I won't get into a philosophical argument with you, dannyboy. For me, your poem works on an emotional level and that's all I demand from poetry. I thought the differences between the religious, creationists and the scientific, evolutionists were illustrated pretty well.

Your observation that, whatever the first cause, Light exists and has become synonymous with Good, leaving Darkness to represent Bad is accurate. Making the leap from physics to metaphysics, you cleverly point out that mankind is a creature that finds it impossible to live in the Light consistently because thoughts 'forever cross the divide'. Having led us carefully through these indisputable facts, you slam home the conclusion - 'the name of God cannot be spoken.'

For me, this enigmatic ending could be describing the decline in Christianity in the Western world or even suggesting that mankind is unworthy of a perfect god. 

A fantastically complex and deep poem that still has me thinking. Thanks for posting this.

jen


----------



## dannyboy (Jul 11, 2016)

ah ned.

'God saw that the light was good; and God separated the light from the darkness.…' (I make the leap that in making one good He made the other bad). If I have 2 children and I say, "This is my good child," the implication is that the other is not a good child.
as to the Asimov statement - what can I say, Asimov (in his writing) did say (fiction is still a statement, an exploration of an idea, or an argument resolved through story) it was a computer.

thank you jen.


----------



## ned (Jul 11, 2016)

hello - no needs for thanks...

yes, lots of leaps and implications - like I said muddy waters - god did not create the darkness, so it is not necessarily 
good by divine default - but not necessarily bad - strange concept, seperating light and dark, like it's all mixed up.
but seems to leave room for any possibility though.

Asimov - now, come on, it is libellous and rather unfair to construe what he said from reading his fiction alone - 
give me the accredited quote. - from the logic of your argument, he also said that humans colonised Venus etc etc.
he was one of the greatest, and deserves more respect than that - just couch it in less certain terms, for the sake
of honesty - "The last question" what a story! - some say his best.

so, why can't the name of god be spoken?
Ned


----------



## dannyboy (Jul 11, 2016)

The only muddied waters are the waters you seem intent on muddying...Throughout history, myth, writing, etc etc etc, Dark is Bad and Light is good - but please do go on about how this is not so....

we cannot speak his name because we cannot keep that which had been divided divided...we fail...continuously...

Libellous and unfair - I think Asimov would agree with me and is incredibly upset with your take on his story....so ththththtttt...


----------



## Nellie (Jul 12, 2016)

dannyboy said:


> The only muddied waters are the waters you seem intent on muddying..
> 
> Libellous and unfair - I think Asimov would agree with me and is incredibly upset with your take on his story....so ththththtttt...



:thumbl: Thanks for clearing the waters, although for me, it was pretty clear to begin with.

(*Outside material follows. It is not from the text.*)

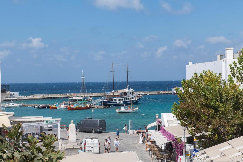 Appartamento situato nella città di mykonos nella zona di yalo yalo al porto vecchio,la suite dispone di una terrazza panoramica direttamente sul porto vecchio e sul mare, Wi-Fi e servizio concierge.
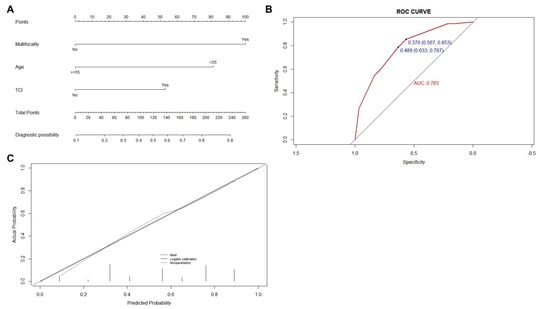 Three factors including age less than 55 and the presence of TCI and multifocality in at least one side of the thyroid lobe were confirmed as independent risk factors of CLNM for patients within the Bil group by multivariate analysis (shown in Table 4). Similarly, the prediction model for quantitatively assessing the risk of CLNM for these patients was established (shown in Figure 2A), and the ROC and the calibration curves were plotted and shown in Figure 2B,C, both indicating a high degree of accuracy of our newly created model (with C-index of 0.783 (95% CI, 0.706–0.860) and 0.776 (95% CI, 0.754–0.798) for training group and after bootstrapping respectively).

There is a BRIGHT Light and there is Darkness (EVIL). The evil to me is all in the minds... mind over matter..... to control..... and god cannot be brought into this because he/she is fiction. Just my POV.


----------



## ned (Jul 12, 2016)

hold on - I'm just taking the trouble to understand the major concept behind your poem

so - in the beginning, god created light which he deemed good - and completely seperated
it from dark - but ever since then, mankind has found it difficult to maintain that complete seperation
and have muddied the waters, between the two - despite-
"Throughout history, myth, writing, etc etc etc, Dark is Bad and Light is good"

in my last reply, I give concession to that possibility, if you read it -
after all, this is a poem, not a historical document - 

but even poems should not tell lies about real people - no matter what you "think"
 - as advice, and in all good faith, I suggested softening that message - c'est la vie.


----------



## dannyboy (Jul 12, 2016)

lies now...thanks Asimov.


----------



## ned (Jul 12, 2016)

ok - I give up, yes Isaac really believed that a giant super-computer created the universe
just because he wrote a story about it. 
in the same way that A.A. Milne really believed that a walking, talking teddy bear lived in the woods.

I mean, where does that assumption end?

Danny, I'm on your side here - I see an interesting idea for a fantastic poem - that hasn't quite crystalised
because the message isn't that clear - and I indicate where I reckon the poem takes an unnecessary diversion.

I do not write reviews to be satisfied with criticism, but hope to contribute to author's efforts of turning potential 
into something special - that would be my satisfaction - ok, I'm rather blunt, and I do not throw plastic bouquets
but my criticism is not there for its own sake.

the rest is up to you
Ned


----------



## Kevin (Jul 13, 2016)

Like Asimov i took it as a possible explanation, not gospel as i agree (with it) that true gospel is something we're incapable of, though the poet may disagree and suggest that it is merely unsustainable, but then the Absolute requires such, at least in the New, asks for it; in the Old demands it. A small thing but I think i'd toss 'cops the...' as too...slangy and place-in-time which does not, to my mind, fit with the rest. Perhaps I missed something there. Sorry for the ramble.


----------



## dannyboy (Jul 13, 2016)

thank you Kevin.


----------



## Ariel (Jul 13, 2016)

*This is not the place for argument or debate of any kind. Please return to critiquing the poem as stands. *


----------